I don't think we're going back to closed source. I think we're going back to guilds. Aka. closed knowledge.
Furthermore, if people not only stop publishing, but also take down already published works, it will create a moat around already existing Language Models

And the more they DDOS small websites — instead of respectfully scraping once — the more realistic my conspiracy theory looks.

People who are making stuff because they want to share it are still going to be publishing. And fighting to be noticed in an unending torrent of slop.
Without any material or immaterial benefits? And with one's work being ground up and turned into weights for the next version of the machine that's threatening one's employment?
I personally am sharing stuff because I want people to read my comics, and maybe join my crowdfunding campaigns.

If I could put everyone pushing all this AI crap into a meat grinder, I would.

> People who are making stuff because they want to share it are still going to be publishing.

Those people who do that are too few and far between to make a difference. The majority of open source devs aren't giving away the source without a license. That license is how they specify what they want in return.

> The majority of open source devs aren't giving away the source without a license.

100% of open source devs aren’t giving away the source without a license, since a licence—the grant of permissions for what is otherwise exclusive to author under the law—is what makes something open source.

> That license is how they specify what they want in return.

No, the license is how they legally give away permission to use material that is legally subjejct to their exclusive rights by virtue of creation. The license may be a contract license that, as you suggest, involves mutual exchange of value, but for many (especially permissive) open source licenses it is a gratuitous bounded grant of permission which has limits but does not involve giving something of value back to the creator.

> No, the license is how they legally give away permission to use material that is legally subjejct to their exclusive rights by virtue of creation. The license may be a contract license that, as you suggest, involves mutual exchange of value, but for many (especially permissive) open source licenses it is a gratuitous bounded grant of permission which has limits but does not involve giving something of value back to the creator.

Wrong. What they want in return is either credit or derivatives of the software. It's disingenuous to suggest that all these authors specifying, in a legal document, the exact mechanism by which to pay them back don't know what they are asking.

If you're not happy with that trade, then don't make it.

Great. More work for AI then.
The sad thing is I feel trapped on all sides of the debate, I wrote a book about LLMs and human creativity (spoiler Humans win for a long time) but I was going to do it as a blog series, instead I published https://www.amazon.com/dp/B0GXCSY4W8 because I felt at least I might get a bit back for literally 100’s of hours of my life I poured into the book and my editor and friends who read and provided reviews.
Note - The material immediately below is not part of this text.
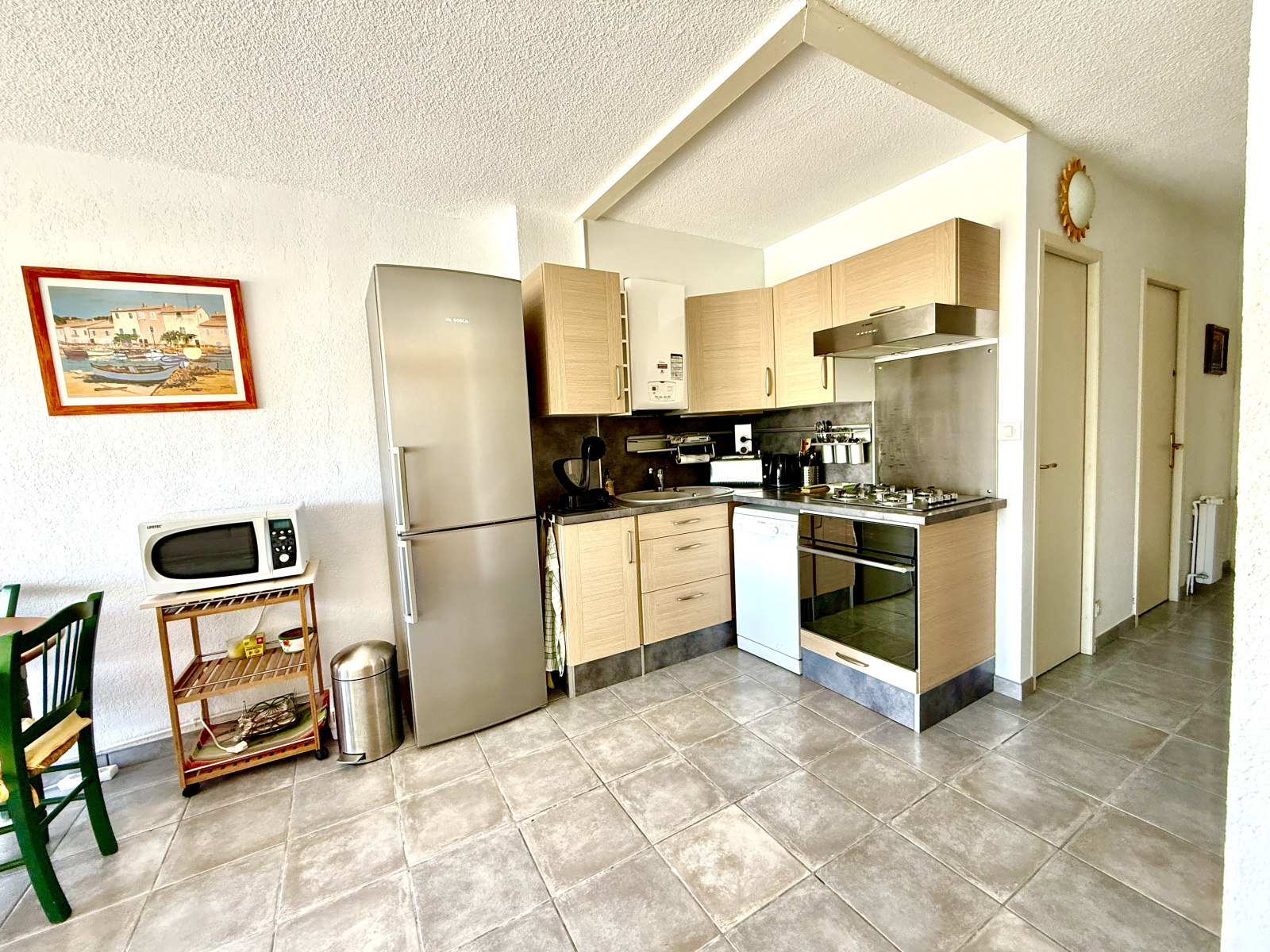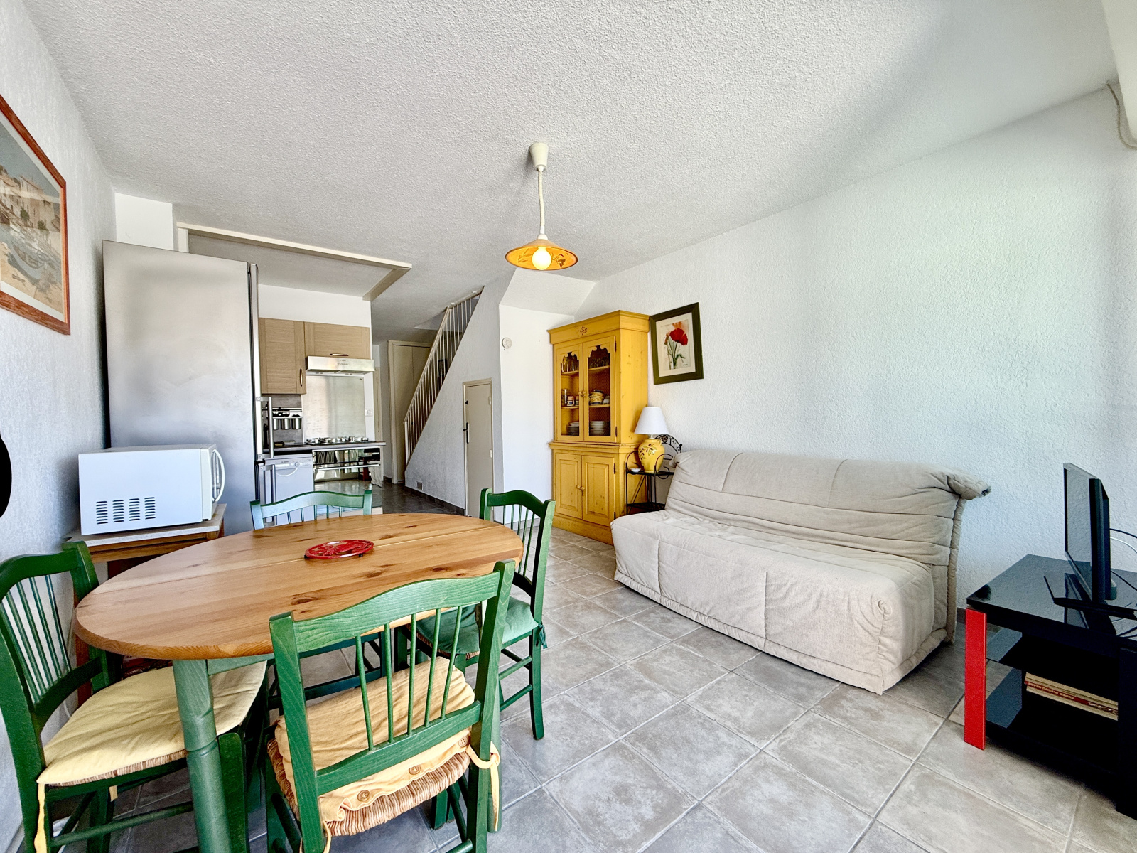 L’intérieur propose au rez-de-chaussée une chambre cabine, une cuisine ouverte sur un séjour lumineux donnant sur une terrasse conviviale en bord d’eau, ainsi qu’un WC.

And I push a lot of open source code including a ton for the SWGEmu project, but now I’m of mixed mind to stop pushing anything public. I can’t decide, am I talking out of both sides of my mouth, it’s a confusing time to navigate for sure.

Indeed sad, congrats on publishing your book though. I’ve certainly felt a bit of that same angst myself.

I think SWGEmu (cool project, just learned of it from you!) do represent some optimism though. Maybe these sorts of passion projects will take over the space?

> Really hate to say it, but I’ve stopped publishing my work too for this reason.

Me too; not that I've published a lot, but definitely more than most. That won't be happening anymore.

Incredibly rich to complain about LLM scraping with LLM generated article.